When he was growing up in Oklahoma City, Dustin Dorr frequently visited his mother and stepfather in Palm Springs, California, a desert town whose character is largely defined by its mid-20th century architecture and interior aesthetic. Surrounded by the space age designs that John Lautner and E. Stewart Williams created for superstar clients like Bob Hope and Frank Sinatra, Dorr discovered his love of curvilinear objects and the disarming simplicity of modernism.
Back in Oklahoma with his father, Dorr learned how to select pieces for use in interior design.
“Growing up, my father was an antiques dealer and into real estate, so we were always fixing up homes, going to auctions, estate sales, garage sales for that matter, truly just picking good things out of these situations,” says Dorr, So, from a very early age, that’s where I started putting all of this together.”

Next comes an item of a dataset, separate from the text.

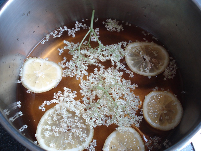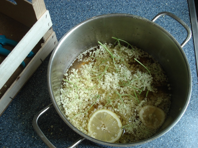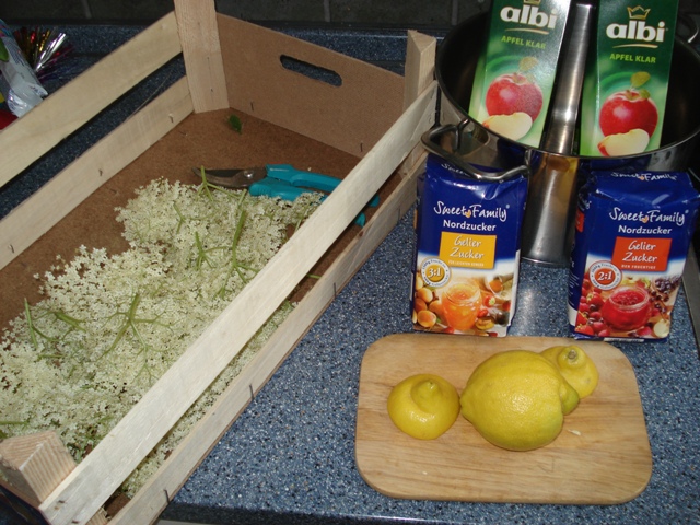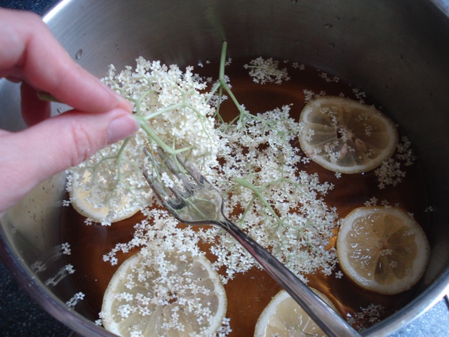 Dann die Holunderblüten. Entweder einfach die Dolden kopfüber in den Saft stellen oder

Both worlds are represented in Dorr’s work. In the 1927 Tudor home Dorr shares with his wife, blogger Sarah James, and their two children, the warm traditional architecture is juxtaposed with modernist objets d’art, like a 96-inch white oval table designed in 1957 by Finnish-American architect Eero Saarinen. He incorporates comparatively inexpensive pieces into the home like a Room & Board Modern Architecture Bed, emphasizing smart and simple designs over anything particularly ostentatious.
“I would say there’s a common thread through my work, and that’s clean lines,” he says. “Regardless of style or period, you can look at the work and be like, ‘Oh that’s clearly destined to work. Most importantly to me that it functions and fits a client.”
After living and working for 12 years in the Laguna Beach and Newport Beach areas, where Dorr worked with high-end clients to achieve their design dreams, Dorr and James moved to Oklahoma City in 2014 and resumed their businesses in a new/old environment, working out of an art-deco building located at 401 NW 30th Street near the Paseo Arts District. With an extensive portfolio of work, Dorr quickly built a reputation for creating bright, carefully assembled spaces that fit clients’ tastes and lifestyles while exposing them to new ideas.
“I mean, the best clients are either repeat clients or referrals from other good clients, you know, just because most importantly it’s just trust and respect in this business,” he says. “And if you don’t have that in a client relationship, it’s just, it goes nowhere, quick. So yeah, a big part of it is just having a history as a reference with other clients.”
But having an ear for listening to the needs and desires of a client is just as important as having an eye for good design, Dorr says. For instance, when he is working with clients who have young children, he is able to bring empathy and understanding to that project.
Above all, Dorr designs spaces with an eye toward permanence. He wants his projects to have long lives and to bring joy and comfort to his clients for years, and when he brings objects into someone’s home or office, his hope is that his clients will build relationships with those pieces, embracing them into their own personal histories.
By taking care to do everything right the first time and keeping his rates within reason, Dorr maintains good relations with his clients, finding the careful balance of price and work quality that results in referrals.
“When a client and a designer get sideways, it’s often due to overcharging,” Dorr says. “I mean, that happens all the time when designers are not upfront with a markup or a fee or whatever it might be. And sometimes, bad work has nothing to do with being honest or dishonest, it’s just a lot of designers are out there doing work that shouldn’t be done and making decisions that shouldn’t be made.”
Like almost everyone, Dorr was forced to make adjustments to his work during the COVID-19 pandemic. He currently is working on a project back in Palm Springs, but much of the work on the project was done remotely to minimize travel and exposure. But even when the work must be finished virtually, he is constantly learning from his clients, which he said translates into better designs in the future.
“It’s really just feeling out client by client, person by person,” Dorr says. “And I feel like … you know, my wife says this about me all the time: I just have a ‘good read.’
“It’s an educational process for me because, in order to make someone’s home their own. I’ve got to just take it all in and kind of assess and digest everything about who we’re working for,” he says. “I give them what suits them, functions well for them and hopefully is timeless for them.”